A 43-year-old woman with newly diagnosed ESKD began automated PD alternating 1.5% and 2.5% dextrose(UF 600–1,000 mL/day). After 2 months she stopped PD and antihypertensives. One week later she developed acute cortical blindness and a generalized seizure, then recurrent convulsions, and received urgent hemodialysis locally before transfer.
On arrival she was febrile (38.30C), tachycardic (113/min), hypertensive (189/109 mmHg), and hypoxemic (SpO₂ 92% room air), with GCS 9 (E2V2M5) and bilateral leg edema. Chest radiograph showed pulmonary congestion with right pleural effusion. A 2-h dwell yielded PD effluent 59 white cells/mm³ (8.5% neutrophils),not consistent with peritonitis. Labs showed severe azotemia, anemia, and markedly elevated NT-proBNP (Table 1). Brain MRI revealed symmetric cortical–subcortical T2/FLAIR hyperintensities across both hemispheres and cerebellum without diffusion restriction (vasogenic edema) (Fig.1). EEG showed diffuse theta–delta slowing without epileptiform discharges. Abrupt visual loss and the bilateral, non-territorial MRI pattern argued against uremic encephalopathy and acute ischemic stroke; and minimal inflammatory markers made central nervous system infection was unlikely. Taken together, severe hypertension, volume overload, and imaging supported PRES.

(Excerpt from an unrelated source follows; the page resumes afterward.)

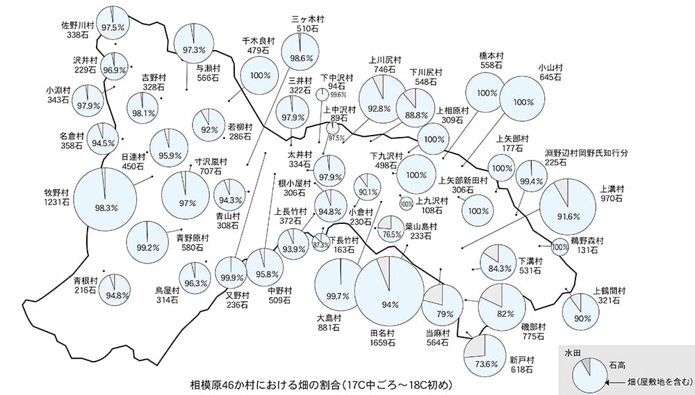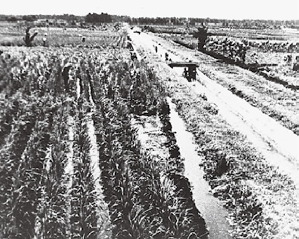 さらに,1948(昭和23)年に始まった相模原開発畑地かんがい事業によって,灌漑(かんがい)用水が作られるようになると,麦類や陸稲(りくとう(おかぼ)) などの栽培が増えていきました。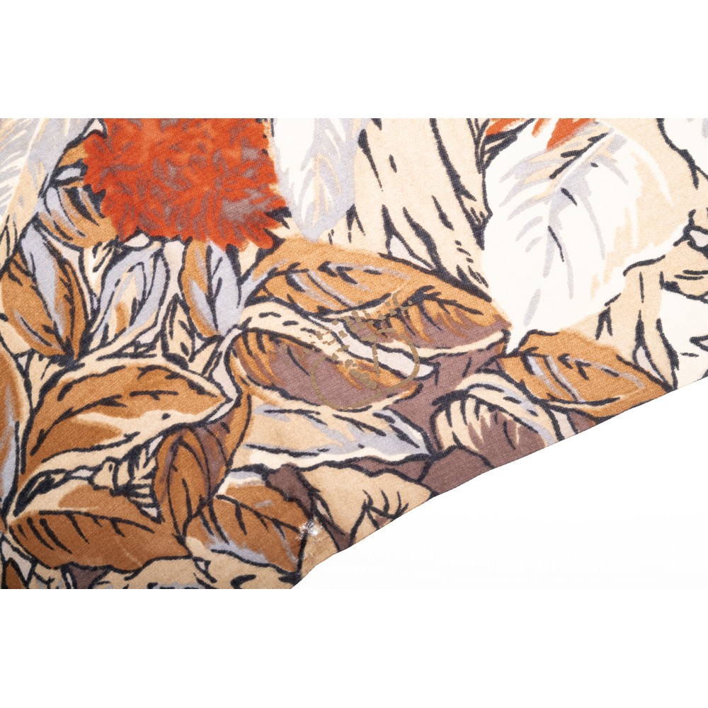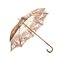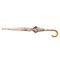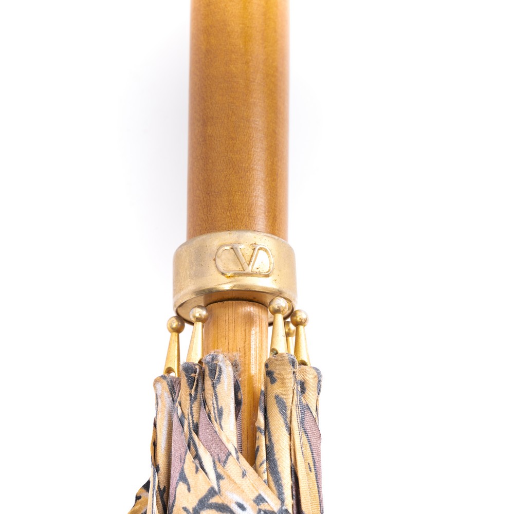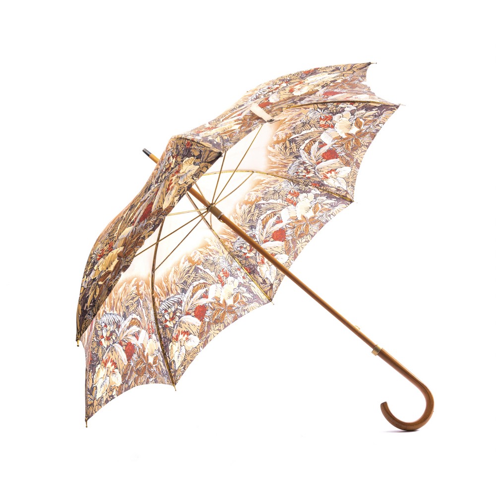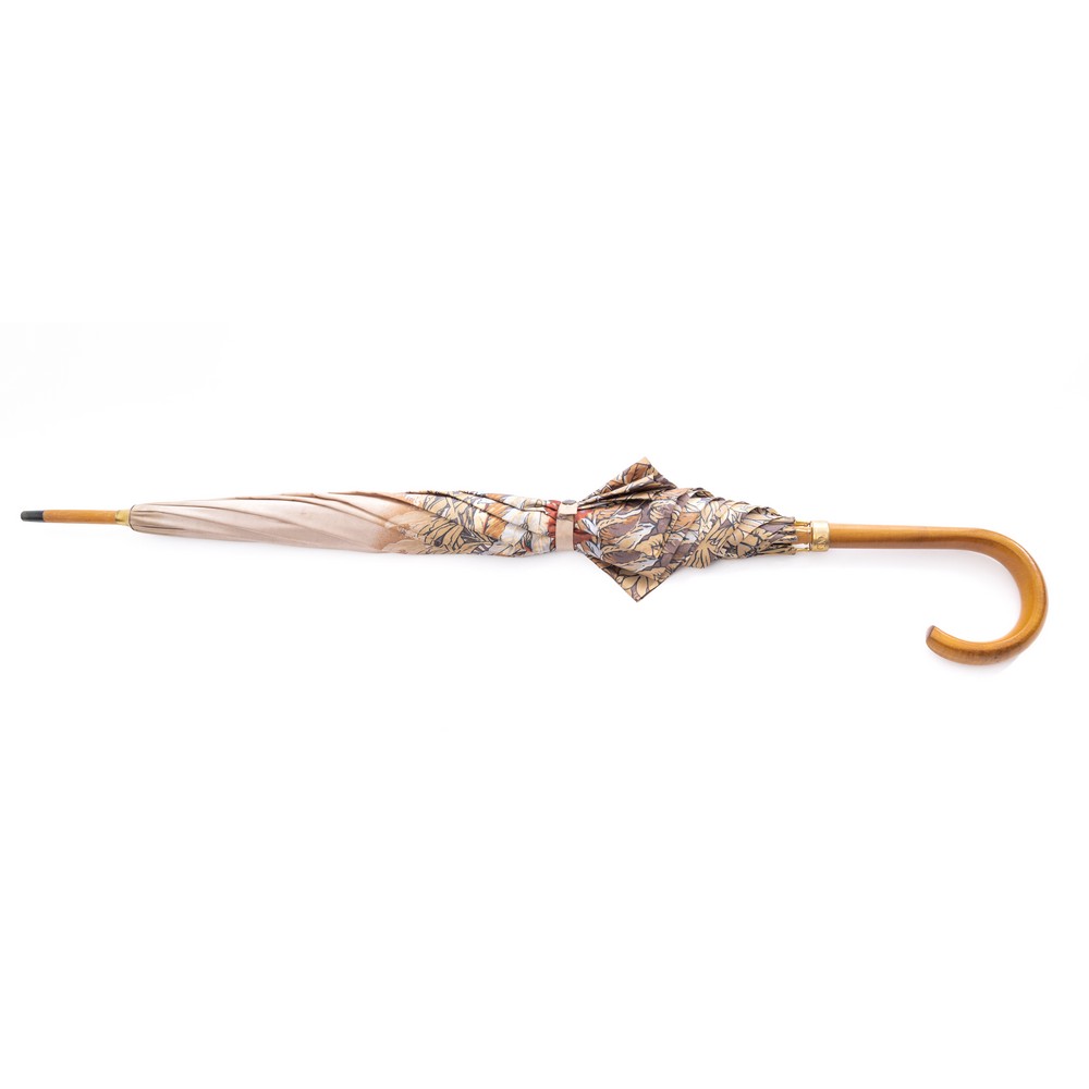 Ombrello con disegno a foglie su fondo beige, manico in legno. Firma sulla stampa.

Management focused on controlled blood pressure (IV then oral agents), stabilizing her at 120–130/70–90 mmHg, with strict volume control. Despite high-dose furosemide, residual urine was only 300 – 400 mL/day, so PD prescription was tailored. Given acute cerebral injury, renal replacement therapy needed balance solute and fluid removal with osmotic gentleness to avoid abrupt shifts in intracranial pressure, serum sodium, and plasma osmolality that might worsen neurologic injury. Accordingly, we minimized hypertonic dextrose and used 7.5% icodextrin for the long dwell to provide sustained UF without steep osmotic gradients. This strategy yielded 1.0–2.7 L/day of UF while maintaining serum sodium at 133–134 mmol/L (Table 2), with no further seizures and steady cardiopulmonary decongestion. Neurologic status normalized by day 3, and she was discharged on day 13 on the optimized prescription. To our knowledge, this is the first reported PD case of PRES in which icodextrin was deliberately used to achieve controlled, sustained ultrafiltration during recovery.
PRES may occur in PD after interruption of dialysis and antihypertensives. In this first reported PD-PRES case deliberately using icodextrin, pairing targeted blood-pressure control with an osmotically steady PD program enabled controlled ultrafiltration without steep osmotic shifts and resulted in full neurologic recovery.